Tove fires a warning shot. The sound booms across the park, bouncing off nearby buildings and activating the fear inside her.
She pauses again, a little way out on the grass, takes a deep breath, and raises her weapon. Low down, she tells herself. Hit low down.
As she squeezes the trigger, her pulse is throbbing in her fingertip, and everything instantly goes very, very quiet.
She is firing for effect.
Ahead of her, his right arm flies upwards.
The bag. Tove hit the bag.
He lets go of it, dumping it in the grass.
Tove stumbles as she chases him, hitting the ground and breaking her fall with the palms of her hands. The weapon falls from her grasp.
She gets up again. The shot is still ringing in her ears, still lingering in her arms. She runs past the bag. The bullet has torn a little round mouth in the leather, and Tove avoids thinking about what might have happened up in the flat, whether Leo has been shot, and, in that case, whether he’s still alive.
He has cleared the fence around the playground, and disappears between the swings and the small wooden playhouses, which are low and colourful.
A flash in front of her, and a bang rips through the park. She reacts without thinking, ducks down, and is about to take shelter behind one of the playhouses, but it’s too late.

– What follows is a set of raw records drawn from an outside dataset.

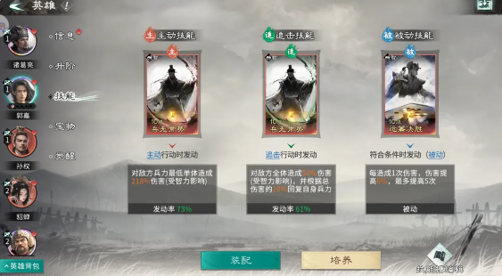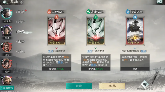 郭嘉:拥有顶级智力成长,对绝大多数敌方武将发起智力拼点都有高胜率,可频繁激活孙权的伤害 / 治疗效果。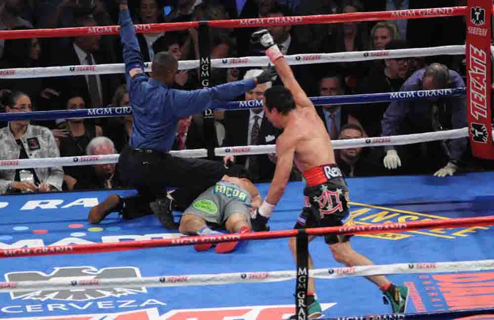 Pacquiao empezó el sexto asalto con frenesí, sin tomar prisioneros, pero como siempre Márquez le salió al ‘toro por los cuernos’ y anuncio:“ En ningún momento me sentí que estaba en serios problemas, al contrario mi lema es de menos a más y ya le tenía medido su método de atacar así que cuando me tiro el jab, me brinque su guardia y lo pude conectar sólido con una derecha en corto”.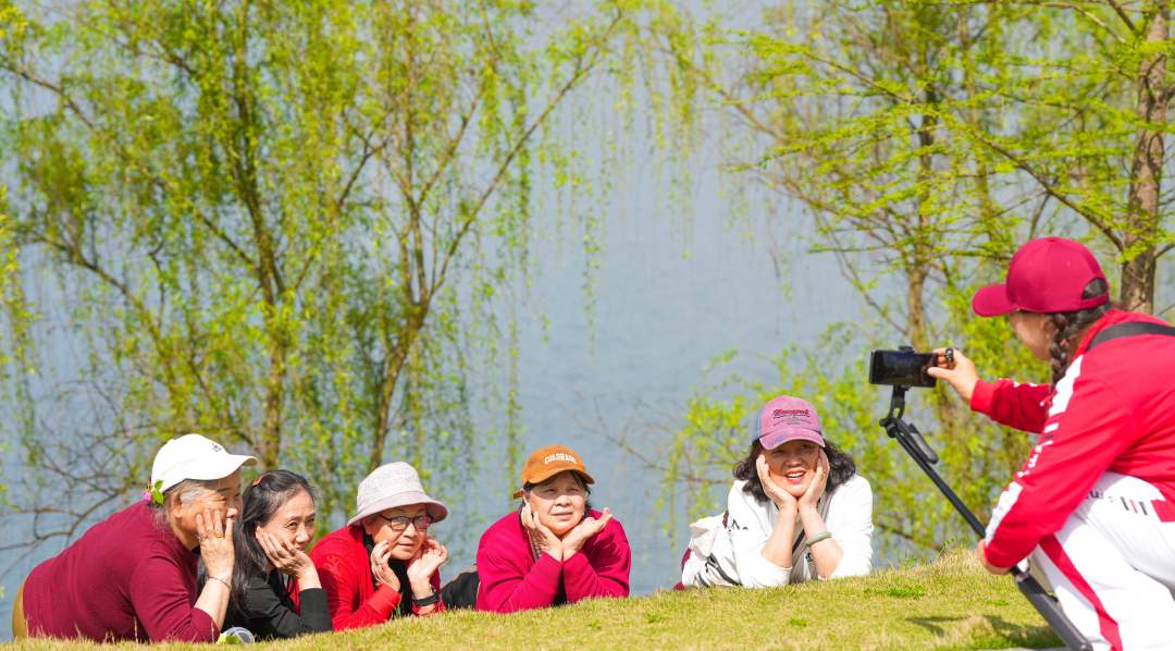 3月31日,重庆市垫江县桂溪街道三合湖湿地公园,市民在公园休闲游玩。

She’d been expecting this, a punishment — her reward for having left Bruket.
What she hadn’t expected was that touch would be faster than hearing. In the tiny ember of time that passes before the sound of the second shot, Tove feels the upper part of her left arm explode.
Blood. There’s blood in my mouth.
She spits. Must’ve bitten herself somewhere, her lip or her tongue. She doesn’t know and can’t feel anything, either.